Katolik, nie katolik - to bylo imponujace wydarzenie. I takoz imponujace widowisko.
Slub Windsora poszedl na trzeci plan, swieto 1.Maja na drugi plan, futbol i hokej na lodzie na czwarty plan.
Przykra sprawa dla Prawdziwych Polskich Patriotow.

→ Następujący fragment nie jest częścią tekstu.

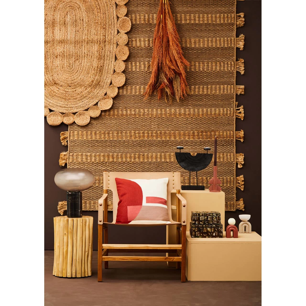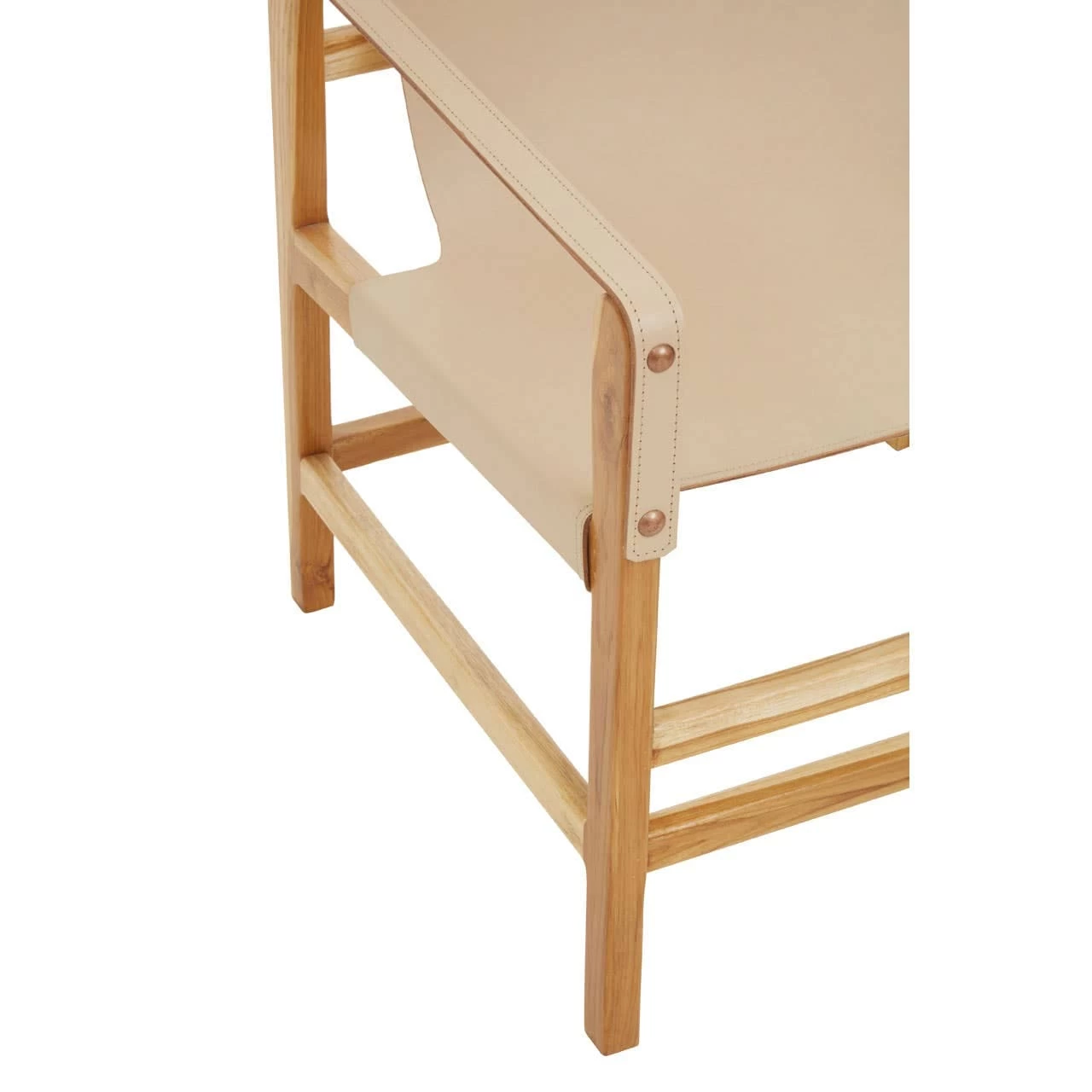 The natural cow leather seat and backrest of this chair form a sling design that is wrapped neatly around a solid natural teak wood frame. The clean line design contributes to the minimal aesthetics of this chair, while the studs add a metallic detail.
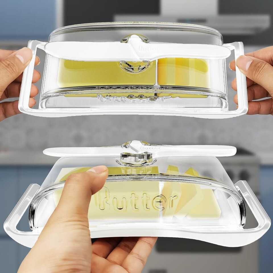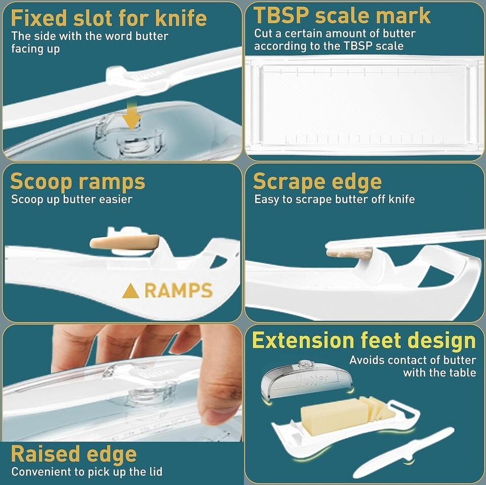 Butter Dish with Lid and Knife?Our butter dish comes with a clear, dust-proof lid and built-in knife for easy spreading and slicing of butter. The lid features a convenient groove where the knife can be easily stored, making it quick and effortless to use. Its unique shape and blade design allow for easy cutting and spreading of butter onto bread or other foods, while the built-in knife ensures that you always have a utensil on hand.

Odtad beda MUSIELI sobie brac blogoslawionego Jana Pawla II za wzor do nasladowania.
Koniec z antysemityzmem - Jan Pawel II jak wiadomo przeprosil za antysemityzm kosciola.
Koniec z OTRem - Jan Pawel II jak wiadomo nigdy nie przyjal Ojca Dyrektora na prywatnej audiencji.
Koniec z miesem w piatki i poniedzialki, grillowaniem w swieta koscielne, nie dawaniem na tace pod pozorem, ze sie nie ma, bo sie zbiera na samochod.
Na sniadaniu u proboszcza slyszalem ze polskiemu kosciolowi do stanu niemieckiego kosciola rzymsko-katolickiego juz nie daleko: coraz mniej powolan kaplanskich, nieobsadzone parafie, malo pieniedzy z tacy, trudno znalezc kucharke na plebanie, bo kazda chcialaby wyplate i koniecznie ubezpiecznie socjalne, bo renta, etc.
Koniec.
A po Polsce w kolejce czekaja Niemcy.